# How long does it take to process an application for Spanish citizenship?



## ni68ana (Apr 4, 2016)

Hi all,
I'm an American citizen married to a Spanish woman, and we've been living here since September 2015. I understand that I'll be eligible to apply for Spanish citizenship one year after that - in Sept. 2016. Questions regarding dual citizenship aside, what I'm wondering is - how long does it take from the time you apply for naturalization, until you actually get the process completed and have the Spanish passport in your hand? Does it depend on the registro civil where you apply? We'd be applying in Zaragoza.
Any experiences or information you could share would be very helpful.
Thanks!


----------



## 90199 (Mar 21, 2010)

ni68ana said:


> Hi all,
> I'm an American citizen married to a Spanish woman, and we've been living here since September 2015. I understand that I'll be eligible to apply for Spanish citizenship one year after that - in Sept. 2016. Questions regarding dual citizenship aside, what I'm wondering is - how long does it take from the time you apply for naturalization, until you actually get the process completed and have the Spanish passport in your hand? Does it depend on the registro civil where you apply? We'd be applying in Zaragoza.
> Any experiences or information you could share would be very helpful.
> Thanks!


Depends on your circumstances, mine are different to yours, over 10 years resident, we have now been waiting two years six months, however six months ago, two years since the submission, we received a letter stating that our application had been received and was being considered.

We are in the Canaries, we applied at our local court, the papers were then sent to Tenerife and on to Madrid. The man at the court house said eight months, our local politician says five years is not unusual.

Five years, blooming heck, I'm an old sod now, could be dead by then


----------



## Brangus (May 1, 2010)

ni68ana said:


> how long does it take from the time you apply for naturalization, until you actually get the process completed and have the Spanish passport in your hand?
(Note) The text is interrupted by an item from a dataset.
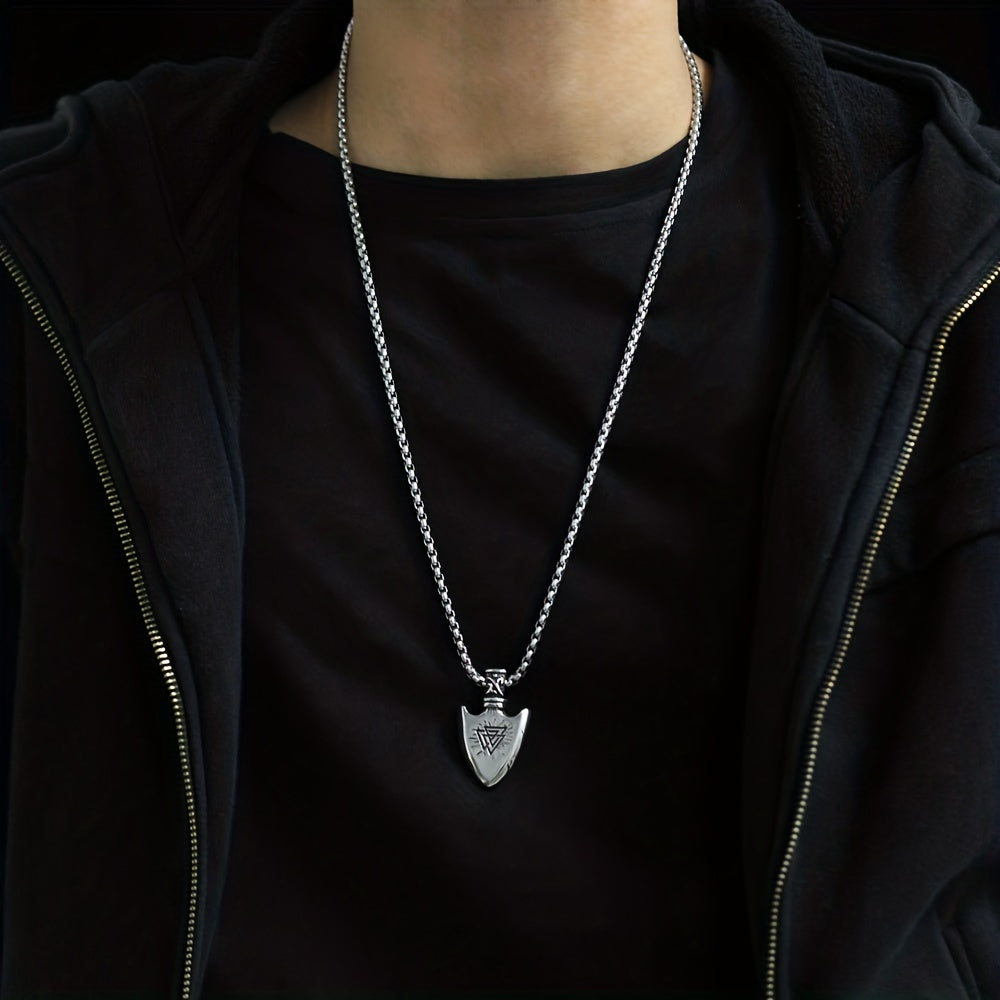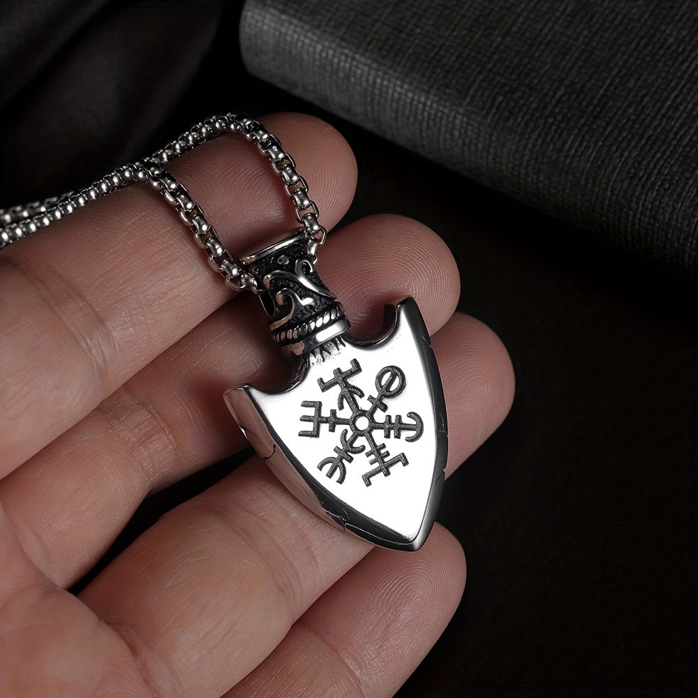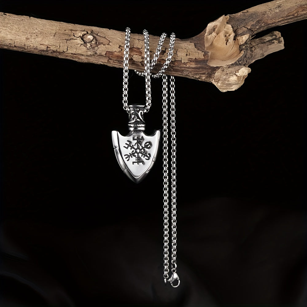 Unique Viking necklace featuring a pirate iron triangle shield pendant made of stainless steel. Ideal gift for men, couples, or women who appreciate amulet jewelry.

Does it depend on the registro civil where you apply?


For my OH, it took two years, start to finish. 

* Oct. or Nov. 2012: Registro Civil in Albacete verified eligibility to apply for citizenship and then scheduled the next available appointment -- in June 2013. 

* June 2013: Submit all required paperwork to Registro Civil. I believe it was that same day, they spontaneously called me in for a brief interview (in Spanish) to help ascertain whether my OH -- and I! -- had adapted to Spanish culture. Interesting that they didn't ask OH about this, or about anything really! And I wasn't the one applying, so why did they care if I had adapted? Anyway, the interview was a fairly laid-back experience.

* July 2014: Status of application was updated online to show the "resolución": approved.

* early October 2014: Sworn in at Registro Civil. Two days later, OH picked up a passport and Spanish identity card from the local headquarters of the national police.

As you can see above, a major chunk of time was simply waiting for the appointment to turn in the documents, and that probably would vary from one Registro Civil to another.

Another thing is, I think there is a new requirement to demonstrate competency in the Spanish language if you're not a native speaker. That could add more time to the process.

Being Latin American, my OH was eligible to apply after two years of residency and now legally has dual citizenship.


----------



## ni68ana (Apr 4, 2016)

Thanks for the responses. Years?! Unbelievable...


----------